Zionsville Fellowship mobilized their finances, possessions and skills to help the family find housing and settle into a life in Indiana. Several parishioners donated household items and furniture. Private movers, who also attended Zionsville Fellowship, collected, stored and moved the items. An electrician, a church member, provided his services for free. Two church ladies made quilts for each family member.
A GoFundMe page was created to buy a car for the family. Another church member paid for a different vehicle when Momoh got into a car accident that totaled the car. (Momoh walked away from the accident without a scratch, a fact that bewildered bystanders and policemen at the scene.)
More than anything, Momoh and his family were showered with prayers, love and encouragement from the church.
“The church has embraced our family with love and support,” Momoh proclaimed.

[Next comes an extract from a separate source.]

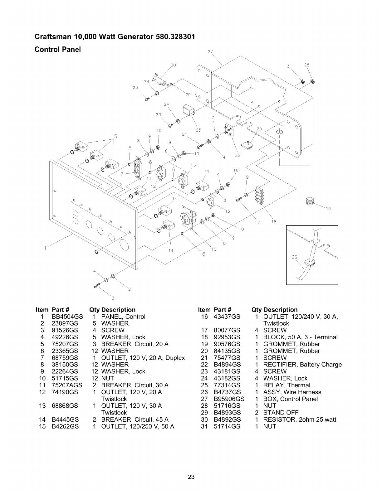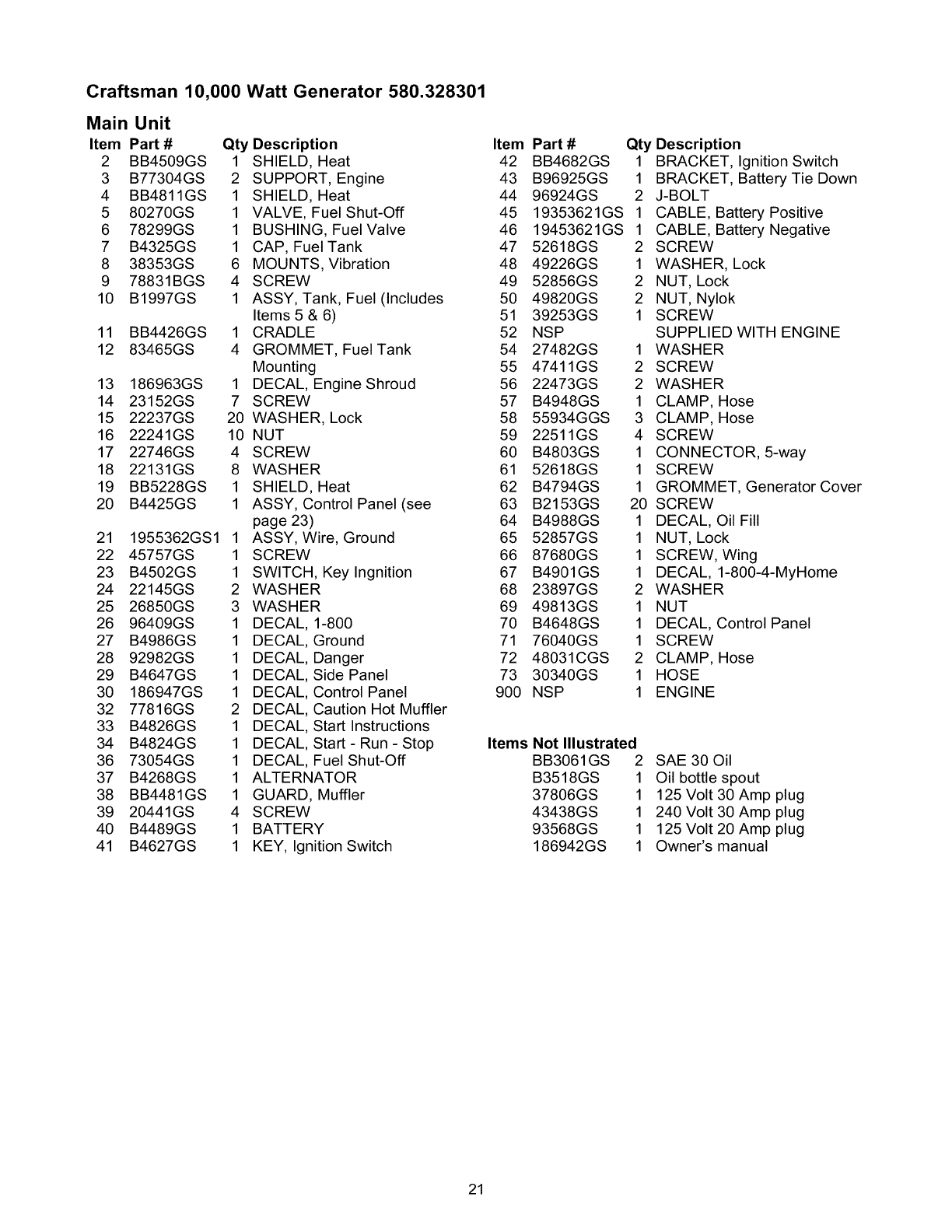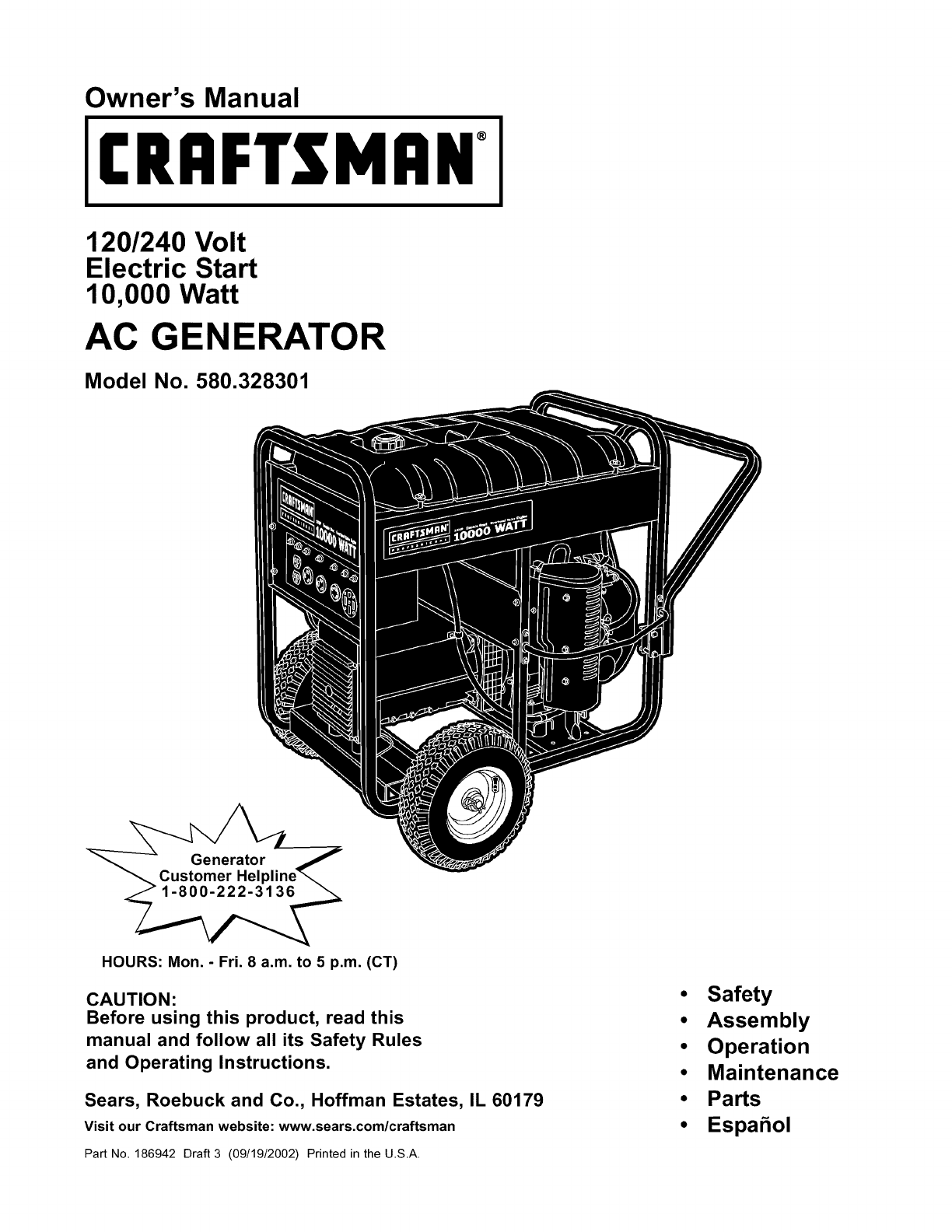User Manual: Craftsman 580328301 580328301 CRAFTSMAN AC GENERATOR - Manuals and Guides View the owners manual for your CRAFTSMAN AC GENERATOR #580328301. Home:Tool Parts:Craftsman Parts:Craftsman AC GENERATOR Manual

Moran added that other local churches and faith organizations also helped the Momoh family. College Park Church provided temporary housing. Traders Point Christian Academy welcomed the family.

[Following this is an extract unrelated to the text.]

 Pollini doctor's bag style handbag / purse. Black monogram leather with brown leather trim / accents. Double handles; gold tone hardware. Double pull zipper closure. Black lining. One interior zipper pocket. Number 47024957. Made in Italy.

Momoh currently undergoes dialysis three days a week. He serves in a pastoral care role at Zionsville Fellowship. In his position, he ministers and tends to those who are sick and hurting. He says that when ailing people hear his story, they find comfort and hope.
Along with his health challenges, Momoh has amazing stories of surviving near-death experiences in his homeland. Momoh was captured by rebels during the gruesome Sierra Leone civil war in the 1990s. Momoh recalls standing in front of a firing squad when a random question from a general saved his life. He considers this “a providence of the Lord” and remembers countless other miracles that spared him from seemingly imminent death.
“I really don’t know why I didn’t die. People feel God has used my life to bless them,” Momoh said. “But I’m not afraid of death; I have a hope in Christ.”
Momoh calls Zionsville “heaven on earth” and gushes about the support that he and his family have received from the community.
“Hoosier hospitality is a real thing,” Momoh said with a smile. “I have experienced it at every level. This is our home. This is where we’re meant to be.”